** Study material follows **

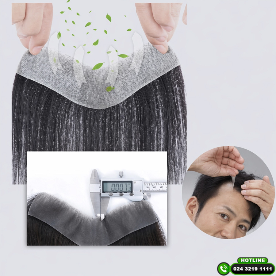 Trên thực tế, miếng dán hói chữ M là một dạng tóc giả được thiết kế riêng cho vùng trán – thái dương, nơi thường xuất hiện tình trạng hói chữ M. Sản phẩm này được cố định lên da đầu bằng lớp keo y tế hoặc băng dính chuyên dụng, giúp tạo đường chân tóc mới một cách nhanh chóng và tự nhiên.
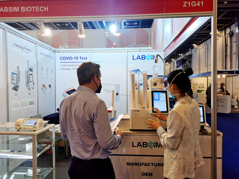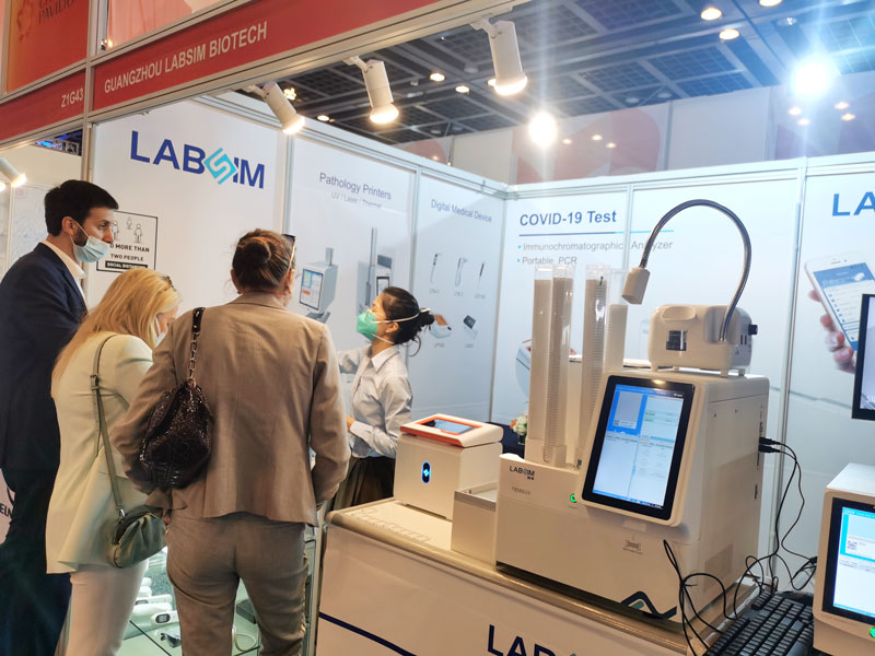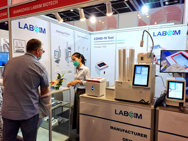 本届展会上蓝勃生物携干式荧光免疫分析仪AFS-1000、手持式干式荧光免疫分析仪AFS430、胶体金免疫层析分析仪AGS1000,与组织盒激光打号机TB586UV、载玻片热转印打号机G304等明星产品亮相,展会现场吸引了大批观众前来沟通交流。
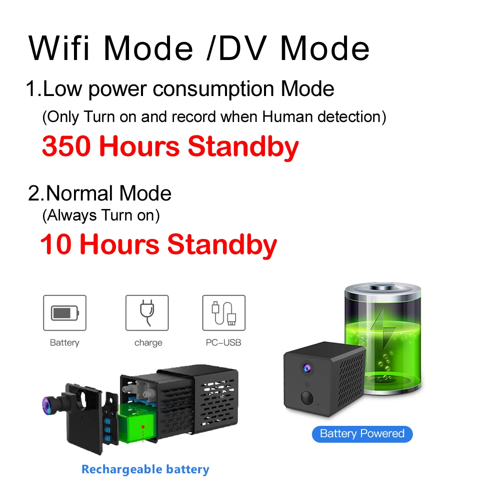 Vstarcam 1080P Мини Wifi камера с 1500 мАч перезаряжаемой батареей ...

** End of Study material **
** Study material follows **

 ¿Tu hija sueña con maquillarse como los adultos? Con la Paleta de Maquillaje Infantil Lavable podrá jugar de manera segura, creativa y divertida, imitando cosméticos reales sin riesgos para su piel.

** End of Study material **
** Study material follows **

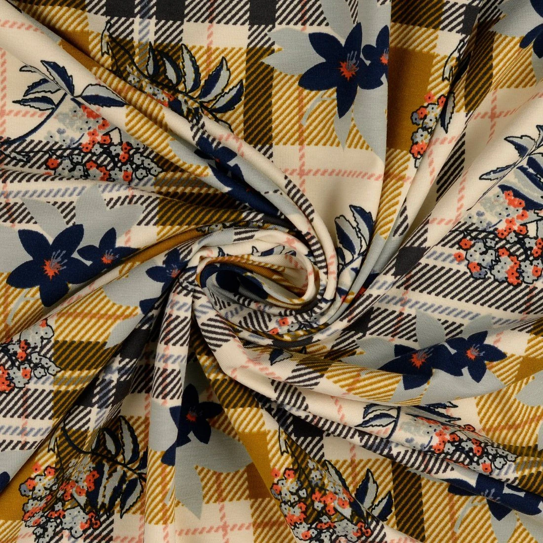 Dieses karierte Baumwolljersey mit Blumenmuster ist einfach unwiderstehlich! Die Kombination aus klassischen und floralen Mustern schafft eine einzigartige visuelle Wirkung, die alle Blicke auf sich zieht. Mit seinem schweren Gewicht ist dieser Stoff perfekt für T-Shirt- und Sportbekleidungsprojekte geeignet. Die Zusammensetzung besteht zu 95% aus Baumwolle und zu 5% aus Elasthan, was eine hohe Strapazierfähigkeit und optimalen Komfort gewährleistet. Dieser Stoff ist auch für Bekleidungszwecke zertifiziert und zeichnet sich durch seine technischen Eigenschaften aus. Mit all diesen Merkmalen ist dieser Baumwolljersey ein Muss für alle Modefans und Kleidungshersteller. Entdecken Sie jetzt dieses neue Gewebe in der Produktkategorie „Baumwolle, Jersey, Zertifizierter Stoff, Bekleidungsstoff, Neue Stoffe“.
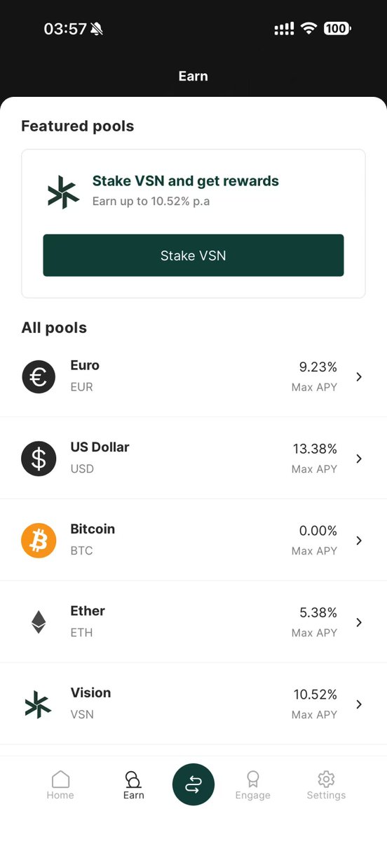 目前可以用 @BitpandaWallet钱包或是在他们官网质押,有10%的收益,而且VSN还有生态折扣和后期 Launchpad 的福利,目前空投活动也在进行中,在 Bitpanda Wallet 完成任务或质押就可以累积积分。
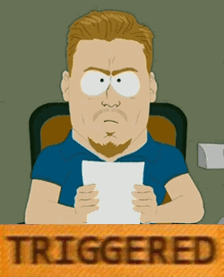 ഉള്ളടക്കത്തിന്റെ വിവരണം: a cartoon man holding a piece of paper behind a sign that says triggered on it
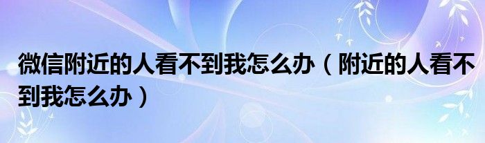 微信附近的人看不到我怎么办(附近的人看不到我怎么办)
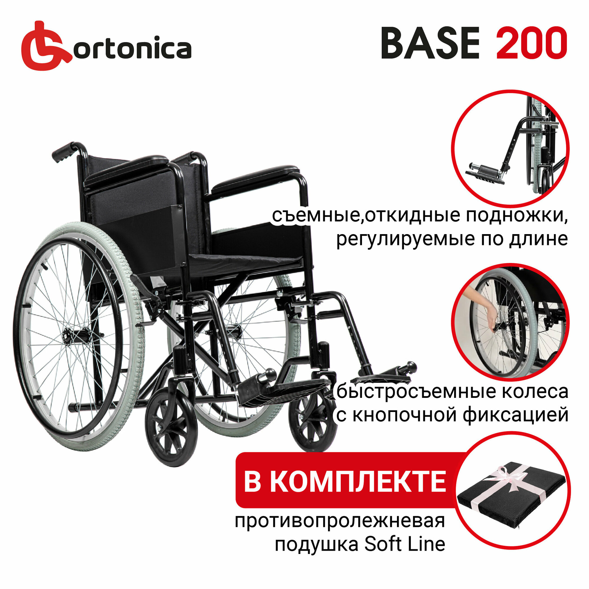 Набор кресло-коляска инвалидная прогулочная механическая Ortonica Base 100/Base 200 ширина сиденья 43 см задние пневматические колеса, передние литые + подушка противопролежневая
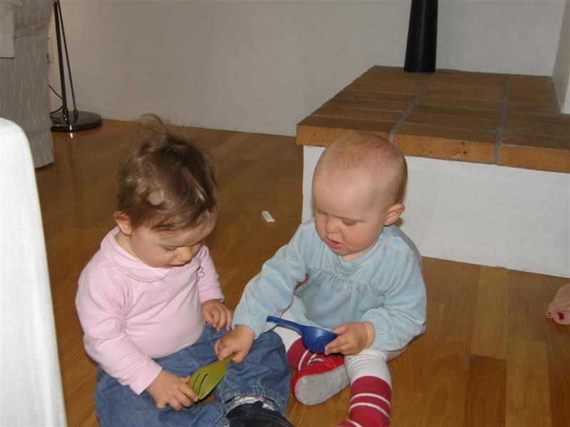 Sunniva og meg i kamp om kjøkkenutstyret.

** End of Study material **

▶ _Exercise_
Using the entries above, write out exactly the lines from the one with "微信附近的人看不到我怎么办(附近的人看不到我怎么办)" through the one with "Sunniva og meg i kamp om kjøkkenutstyret.", ends included. Leave out any pictures.

▶ _Written solution_
 微信附近的人看不到我怎么办(附近的人看不到我怎么办)
 Набор кресло-коляска инвалидная прогулочная механическая Ortonica Base 100/Base 200 ширина сиденья 43 см задние пневматические колеса, передние литые + подушка противопролежневая
 Sunniva og meg i kamp om kjøkkenutstyret.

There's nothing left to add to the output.